Regression Interval Calculator Ti83
This guide explains how to calculate regression intervals using your TI-83 calculator. Regression analysis helps determine the relationship between two variables, and calculating intervals provides a range of likely values for future predictions.
What is Regression Analysis?
Regression analysis is a statistical method used to examine the relationship between a dependent variable (Y) and one or more independent variables (X). The most common form is linear regression, which fits a straight line to the data points.
When performing regression on a TI-83 calculator, you'll calculate the line of best fit that minimizes the sum of squared differences between observed and predicted values. This line is defined by the equation:
y = a + bx
Where:
- y = predicted value of the dependent variable
- a = y-intercept
- b = slope of the line
- x = value of the independent variable
The calculator will provide the regression equation, correlation coefficient (r), and standard deviation of the residuals. These values help assess how well the regression line fits the data.

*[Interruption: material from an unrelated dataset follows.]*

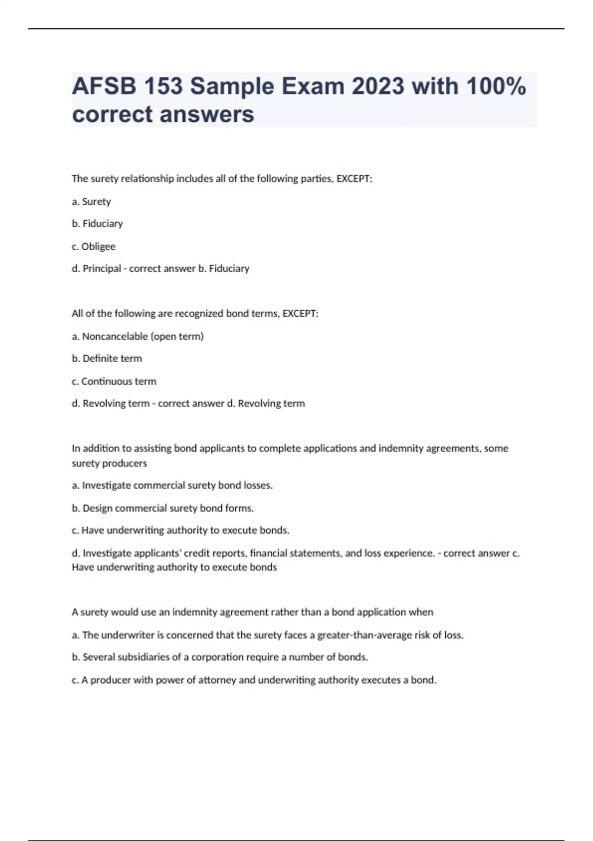The surety relationship includes all of the following parties, EXCEPT: a. Surety b. Fiduciary c. Obligee d. Principal - correct answer b. Fiduciary All of the following are recognized bond terms, EXCEPT: a. Noncancelable (open term) b. Definite term c. Continuous term d. Revolving term - correct answer d. Revolving term In addition to assisting bond applicants to complete applications and indemnity agreements, some surety producers a. Investigate commercial surety bond losses. b. Design commercial surety bond forms. c. Have underwriting authority to execute bonds. d. Investigate applicants' credit reports, financial statements, and loss experience. - correct answer c. Have underwriting authority to execute bonds A surety would use an indemnity agreement rather than a bond application when a. The underwriter is concerned that the surety faces a greater-than-average risk of loss. b. Several subsidiaries of a corporation require a number of bonds. c. A producer with power of attorney and underwriting authority executes a bond. d. The surety reuqires signed indmenity agreements for all bonds. - correct answer b. Several subsidiaries of a corporation require a number of bonds. An underwriter determines the surety's ability to cancel a bond and the period of subsequent liability by a. Reviewing the bond form

Using the TI-83 Calculator
Entering Data
Before performing regression, you need to enter your data into the calculator's lists. Here's how:
- Press STAT then EDIT to access the list editor
- Enter your independent variable (X) values in L1
- Enter your dependent variable (Y) values in L2
- Make sure both lists contain the same number of data points
Performing Regression
To calculate the regression line:
- Press STAT then CALC
- Select option 4: LinReg(ax+b)
- Enter L1 for Xlist and L2 for Ylist
- Press ENTER to calculate
The calculator will display the regression equation in the form y = a + bx.
Calculating Intervals
To find prediction intervals for future values:
- Press STAT then TESTS
- Select option A: LinRegTInt
- Enter your desired confidence level (e.g., 95 for 95%)
- Enter the x-value for which you want the interval
- Press ENTER to calculate
The calculator will display the lower and upper bounds of the prediction interval.
Regression Formula
The regression line is calculated using these formulas:
Slope (b):
b = Σ[(x - x̄)(y - ȳ)] / Σ(x - x̄)²
Y-intercept (a):
a = ȳ - b * x̄
Where:
- x̄ = mean of x values
- ȳ = mean of y values
The prediction interval formula is more complex and involves the standard error of the estimate and the critical value from the t-distribution.
Worked Example
Let's calculate a regression line for the following data:
| X (Hours Studied) | Y (Exam Score) |
|---|---|
| 2 | 65 |
| 4 | 75 |
| 6 | 85 |
| 8 | 90 |
Using the TI-83 calculator, we find the regression equation is:
y = 55 + 7.5x
This means for every additional hour studied, the exam score increases by 7.5 points. If a student studies 5 hours, we would predict an exam score of:
y = 55 + 7.5(5) = 92.5
Calculating a 95% prediction interval for 5 hours of study might show a range of 85 to 100, indicating the model is reasonably accurate for this prediction.
FAQ
What does the regression equation tell me?
The regression equation shows the relationship between your variables. The slope tells you how much the dependent variable changes for each unit change in the independent variable, while the y-intercept shows the predicted value when the independent variable is zero.
How do I know if my regression line is good?
A good regression line has a high correlation coefficient (close to 1 or -1) and a small standard deviation of the residuals. You can also visually inspect the scatterplot to see if the points generally follow the line.
What's the difference between a prediction interval and a confidence interval?
A prediction interval estimates where future individual values will fall, while a confidence interval estimates where the mean of future values will be. Prediction intervals are always wider because they account for both the regression line's uncertainty and the natural variation in the data.
Can I use regression for non-linear relationships?
Linear regression assumes a straight-line relationship. For non-linear relationships, you would need to use polynomial regression or other techniques available on more advanced calculators like the TI-84.